Memory Management
Garbage Collector
I noticed this issue when Chris Lattner pointed during a [debate]. In short, Julia uses the mark-and-sweep Garbage Collector. It may cause memory not being released in time. This is especially problematic for GPU since its memory is much smaller than CPU memory. The good news is there is some [workaround], but it would be better if Julia has some deterministic memory management. There is an [ongoing discussion about this].
Heap or Stack
As a high level language, Julia also does not allow the programmer to explicitly control whether the memory should be allocated on stack or heap. Instead, it is up to the complier to optimize for you.
Speed
I guess most people come to Julia for speed. However, to get the optimal speed, it is not that straightforward.
Avoid allocation
One problem is to avoid heap allocation. As I mentioned in the previous section. Heap or stack allocation cannot be controlled explicitly. Then it is kind like play a guessing game with the compiler to avoid allocation. The good news is, there are some [rule of thumbs].
Type Stable
Another problem is type inference. Julia is a dynamic typing language; however, to get the best speed, you are encouraged to have type stability. My understanding of this is as following: You can you Julia just a dynamic type language (such as Python), and have all the easy-of-mind and fast-prototyping. However, when you need it to be as fast as possible, you can use Julia as if it is a static type language, take care of the type stability (kind of like the generic type in a static type language like C++). However, the only con I see is that unlike a static type language that does type check at compile time and yell at you when it fails at type check.

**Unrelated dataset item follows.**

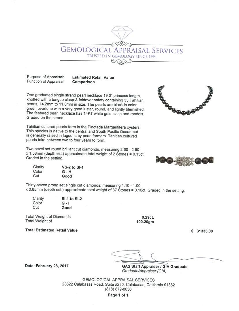 One graduated single strand pearl necklace 19.0' princess length, knotted with a tongue clasp & foldover safety containing 35 Tahitian pearls, 14.2mm to 11.0mm in size. The pearls are black in color, green overtone with a very good luster, round, and lightly blemished. The featured pearl necklace has 14KT white gold clasp and rondels. Graded on the strand.Tahitian cultured pearls form in the Pinctada Margaritifera oysters. This species is native to the central and South Pacific Ocean but is generally raised in lagoons by pearl farmers. Tahitian cultured pearls take between two to four years to form. Two bezel set round brilliant cut diamonds, measuring 2.60 - 2.50 x 1.58mm (depth est.) approximate total weight of 2 Stones = 0.13ct. Graded in the setting. Color G - H Clarity VS-2 to SI-1 Cut Good Thirty-Seven prong set single cut diamonds, measuring 1.10 - 1.00 x 0.65mm (depth est.) approximate total weight of 37 Stones = 0.16ct. Graded in the setting. Color G - I Clarity SI-1 to SI-2 Cut Good. Total Weight of Diamonds 0.29ct.. Total Weight of 100.20gm GAS Appraised at $31,335.00.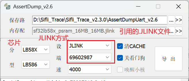 软件通过检测是否有已连接的Jlink仿真器,调用Jlink文件执行导出命令,其中软件需要选择JLINK方式以及确保有检测到Jlink仿真器(号码),.Jlink文件选择需要根据芯片psram大小选择,否则导出psram.bin文件会失败

You need to call a few macros yourself to check whether it is type stable.
Type Annotation
Note that type annotation does not help if the compiler can figure out a stable type. In that case, annotating it to a narrower type only makes your function less reusable.
Multiple Dispatch
For a dynamic type language, this is very rare to see. For example, Python does not have this feature at all. For a static type language (C++ for example), this is very common to see if the type is known at compile time. Julia and C++ can both do heavy optimization. When it is not known at compile time. C++ can do dynamic single dispatch with virtual table. C++ can also do runtime double dispatch with a design pattern. And I donāt hear people mention runtime mutiple (>2) dispatch in C++, but I think it is possible by implementing some kind of virtual table yourself. For this runtime/dynamic multiple dispatch case, I think Julia does a lookup at runtimes. So it is kind of similar to the vtable idea, but the implementation of the lookup is different.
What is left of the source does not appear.